Saturday, 4 July 2015: 10:15 AM-11:45 AM
TW2.1.04 (Tower Two)
Brian Nolan, INET, University of Oxford, Oxford, United Kingdom
Max Roser, University of Oxford, Oxford, United Kingdom
Stefan Thewissen, University of Oxford, Oxford, United Kingdom
Economic growth (as conventionally measured) may be harder to achieve and may no longer suffice to drive improvements in living standards for ‘ordinary’ households in the rich countries of the OECD. Increasing inequalities in income and wealth are widely observed in recent decades, and are of concern not simply in themselves, but also because they may have gone together with stagnation in living standards except at the top of the distribution, and may undermine growth prospects for the future.

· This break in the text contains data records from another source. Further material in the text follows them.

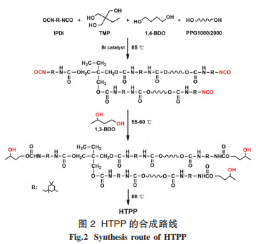 三口瓶中加入 60 g PPG-2000、15 g PPG-1000、38 g IPDI、1.5 g TMP、3 g 1,4-BDO、0.1 g 有机铋催化剂,于 85 ℃反应 2.5 h,降温至 50 ℃,加入 13.7 g 1,3-BDO(n(-OH)∶n(-NCO)=2∶1),于 55~60 ℃反应 1 h,继续升温至 80 ℃反应 1.5 h,待全部 NCO 反应完全后,即得到羟基封端的聚氨酯预聚体 HTPP,见图 2。
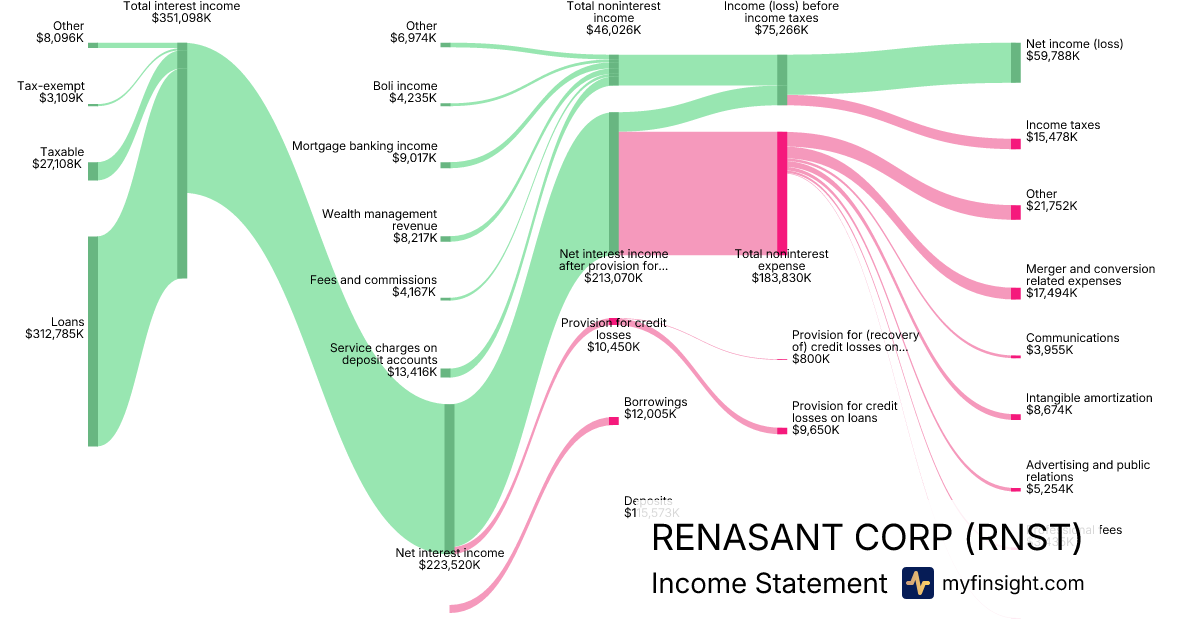 For the quarter ending 2025-09-30, RNST made $718,982K in revenue. $59,788K in net income. Net profit margin of 8.32%.
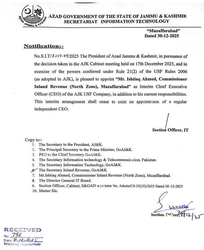 آزاد جموں وکشمیر یونیورسل سروس فنڈ کمپنی کے پہلے چیف ایگزیکٹو آفیسر محکمہ ان لینڈ ریونیو آزادکشمیر کے کمشنر مظفرآباد زون اشتیاق احمد مقرر کردیئے گئے۔
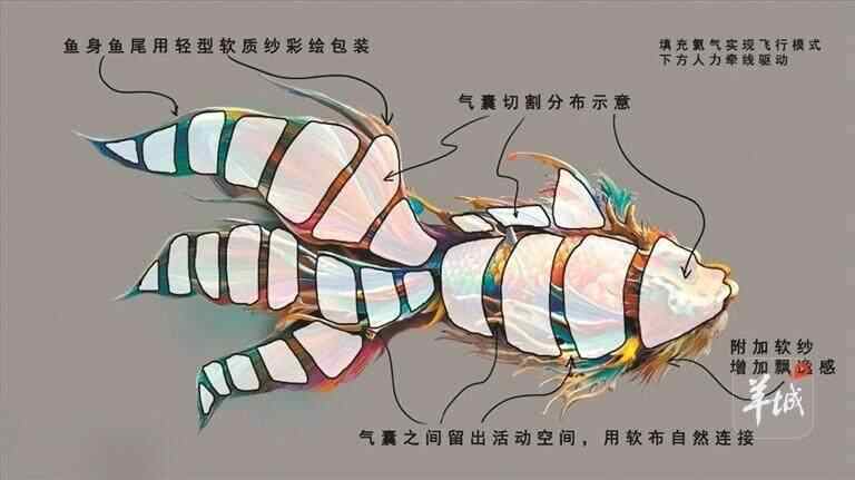 于是我们把鱼头、鱼鳃、鱼身、各分成五六段,尾巴分成更多段,并在气膜与气膜之间留出合理的活动空间,用软性的材料作为连接,让它可以左右摆动,上下弯折。这其实也是从一些非遗手作中得出来的经验,都是我们老祖宗的智慧。
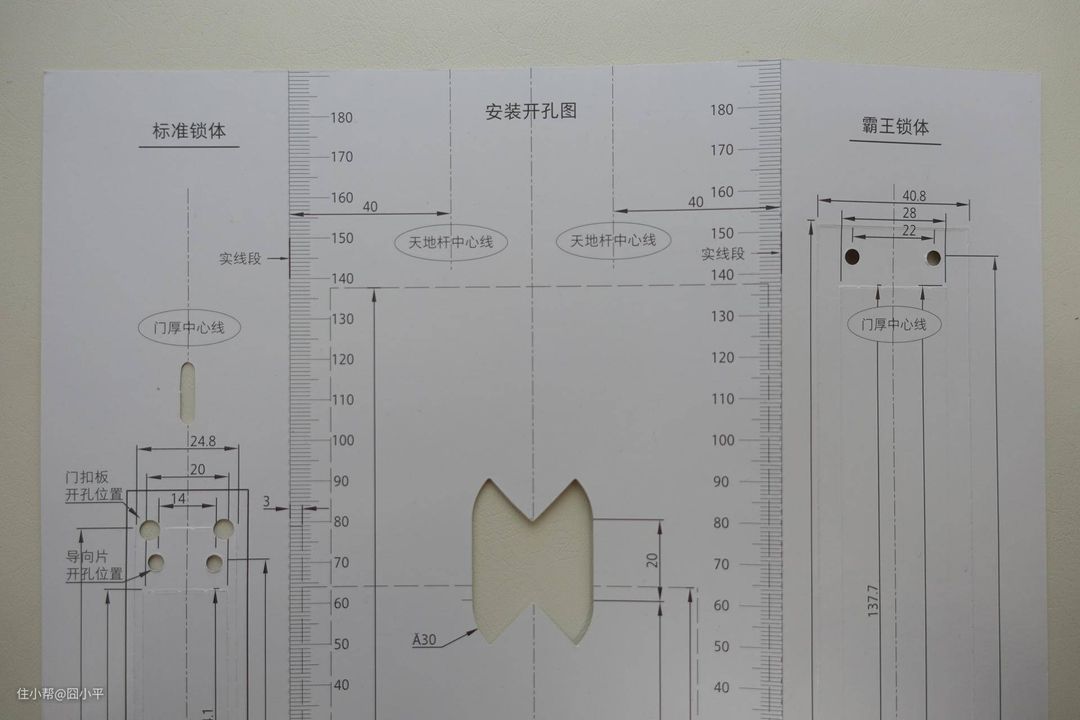 打开包装,可以看到一本使用说明书和安装开孔图。虽然安装开孔图上有霸王锁体的图纸,但其实这款产品暂时是不支持霸王锁体的。霸王锁体的用户面对智能门锁选购时确实会有太多不便,还好我家是标准锁体的。
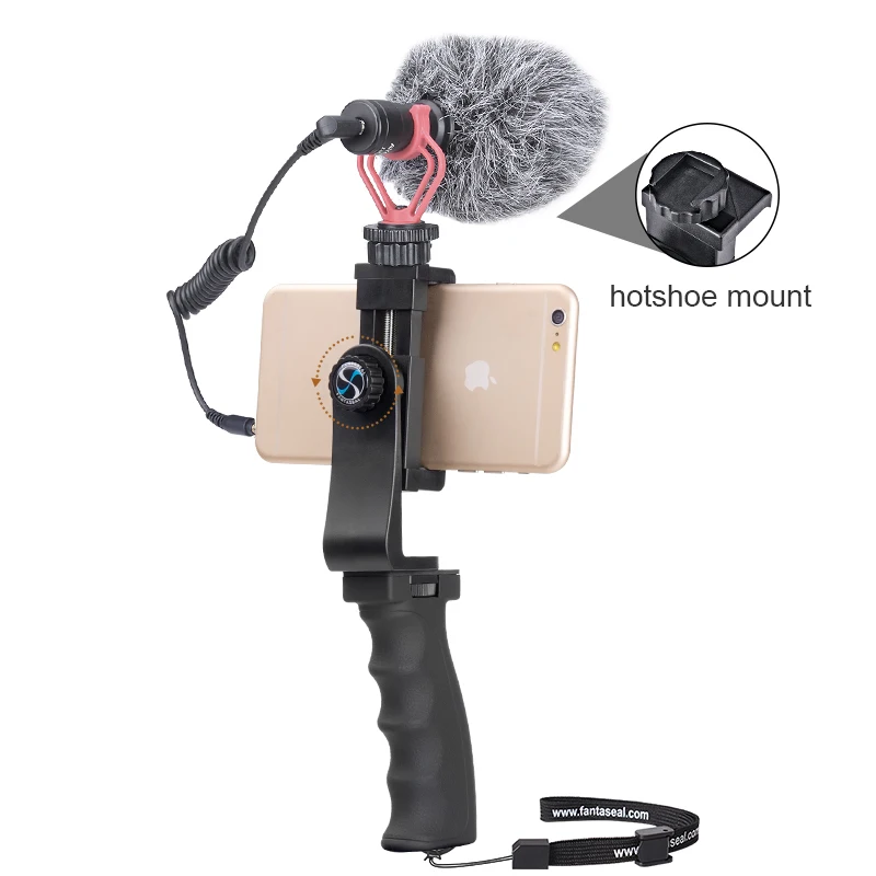 TOP Cell Phone Hand Grip Holder Smartphone Stabilizer Microphone Video Filming Set for iPhone XR XS XSM
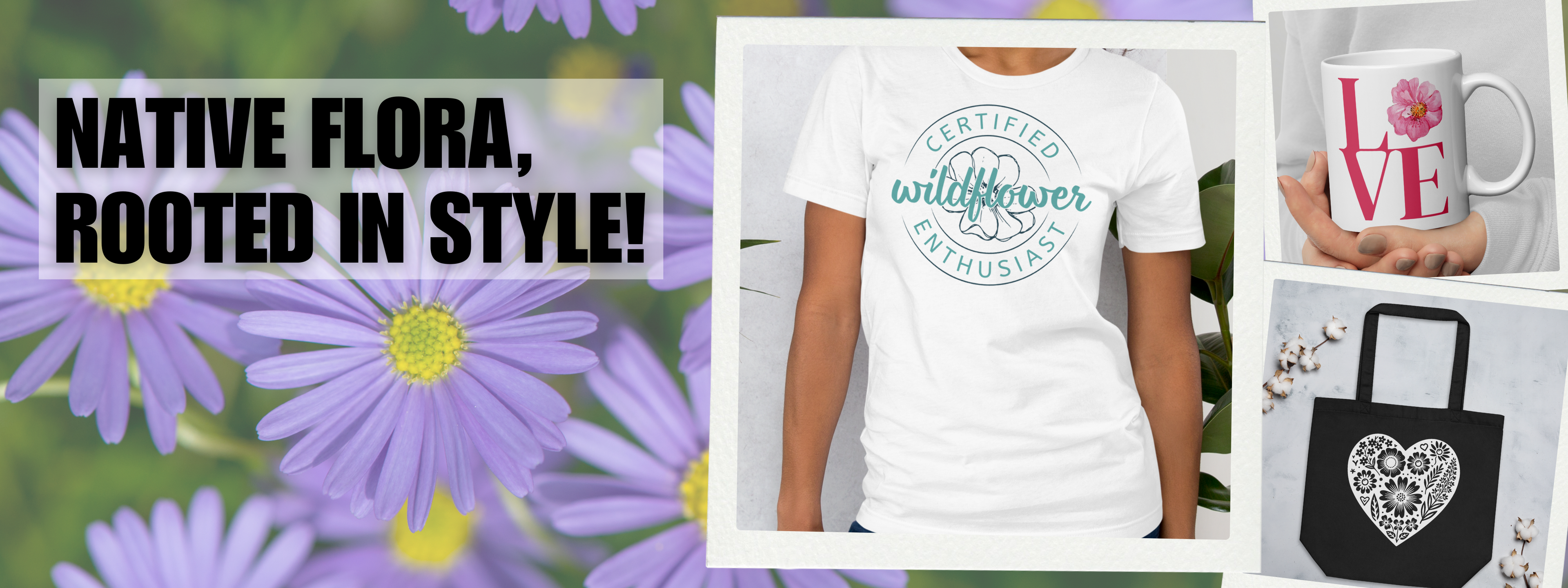 Our products aren’t just products, they’re stories rooted in nature. Each design is unique and inspired by the native plants we grow here on our farm, and printed on demand to reduce waste.
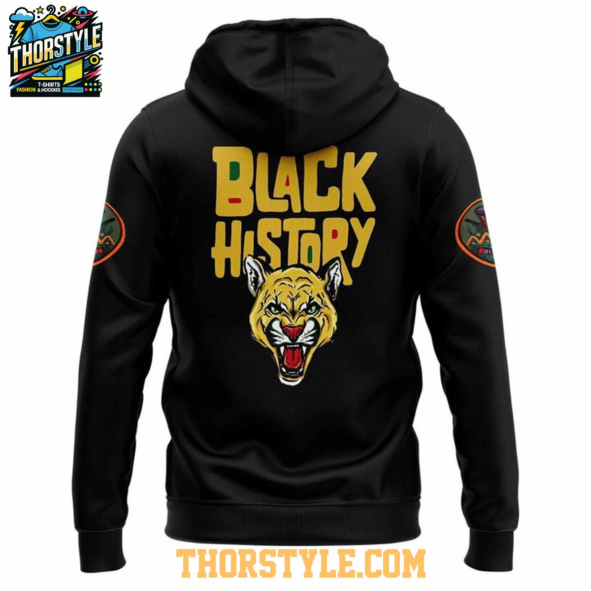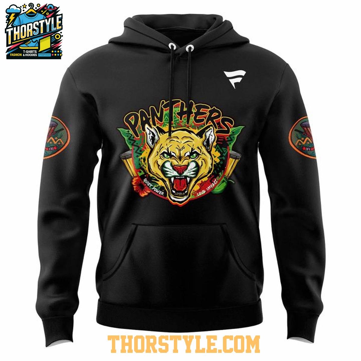 This hoodie t-shirt features a striking design that incorporates the iconic Panthers logo with elements commemorating Black History Night. The graphics are bold and vibrant, ensuring that your team pride shines through. The comfortable hood provides extra warmth on cooler days, while the t-shirt style body allows for breathability and freedom of movement. It's the perfect choice for game days, casual outings, or simply relaxing at home.
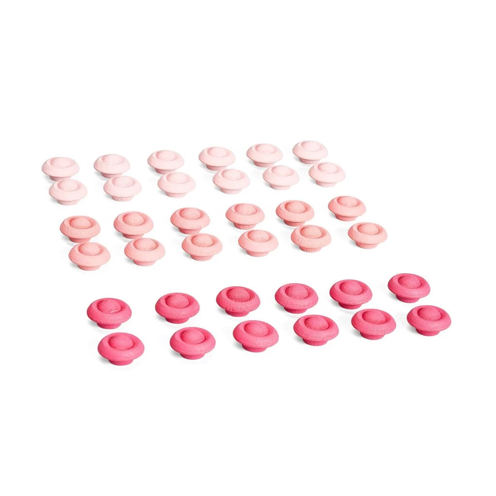 Transient artworks, mandalas and mathematical explorations are enhanced using our Grapat wooden collections – completely adaptable to the child’s phase of development – and they can be used in combination with other materials, such as building blocks, fabric, play dough or during home corner play. Crafted from sustainably sourced wood and coloured with non-toxic dyes, they measure approximately 4cm diameter and come in a set of 36.
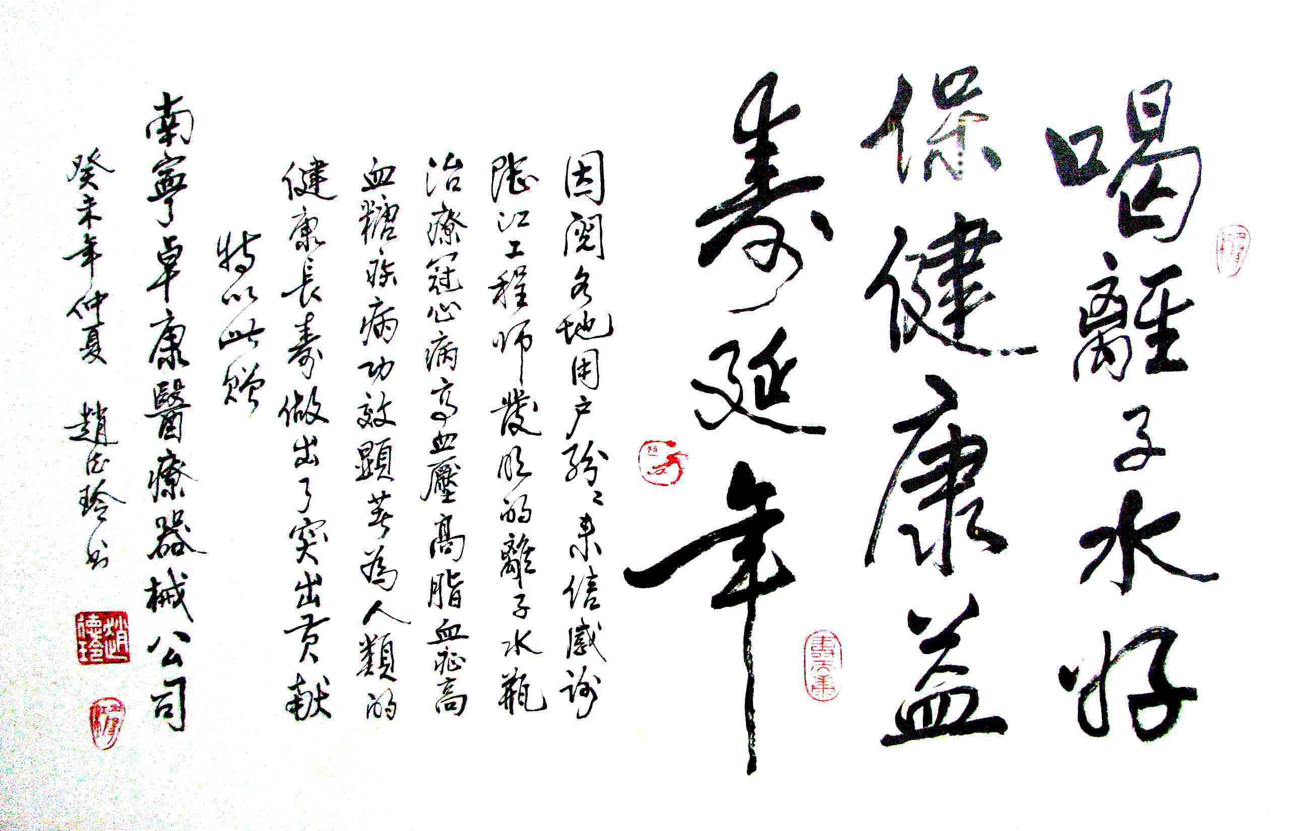 - -- 幾千年來,人類靠醫(yī)藥不能根治冠心病、高血壓和糖尿病,如想根治,那是夢想。可是,我從中國基礎(chǔ)醫(yī)學(xué)研究成果受到啟發(fā),研發(fā)了一種發(fā)明產(chǎn)品,處理出微小分子團(tuán)水讓人飲用,實(shí)現(xiàn)了人類這一夢想!患者飲用后遠(yuǎn)離了冠心病、高血壓和2型糖尿病。這一成果曾經(jīng)過臨床試用和專家鑒定,作為準(zhǔn)字號醫(yī)療器械讓廣大患者飲用,療效進(jìn)行跟蹤調(diào)查。很多患者的反饋情況令人感動(dòng),我放在公司網(wǎng)站上(nnzk.com),震撼了醫(yī)學(xué)專家,也使廣大同胞受到啟發(fā)。人們盼望飲用它給細(xì)胞補(bǔ)水,治愈多種病癥,既省錢,又安全,而且延長壽命。

Concerns about ‘secular stagnation’ go together with an emphasis on the ‘squeezed middle’ in the aftermath of the financial crisis. This paper contributes to such debates by first tracking how income levels (adjusted for prices) have evolved at different points in the income distribution over the past thirty years for working-age households in OECD countries, using data from the Luxembourg Income Study and the OECD Income Distribution Database, and assessing the extent to which this can be construed as a ‘squeeze’ on middle income living standards in particular. We then relate these patterns in living standards to GDP growth, the aggregate income going to households, real earnings and earnings dispersion, and the changing distribution of household incomes before and after transfers and direct taxes. This allows us to see how the elasticity of (real) income with respect to changes in GDP at different points in the distribution has evolved over time in the countries covered, and explore the complex dynamic interactions between economic growth, inequality and living standards. Particular attention is paid to whether the experience up to and through the crisis is consistently and markedly different to what was seen in the preceding decades across the OECD in terms of living standards and what drives them.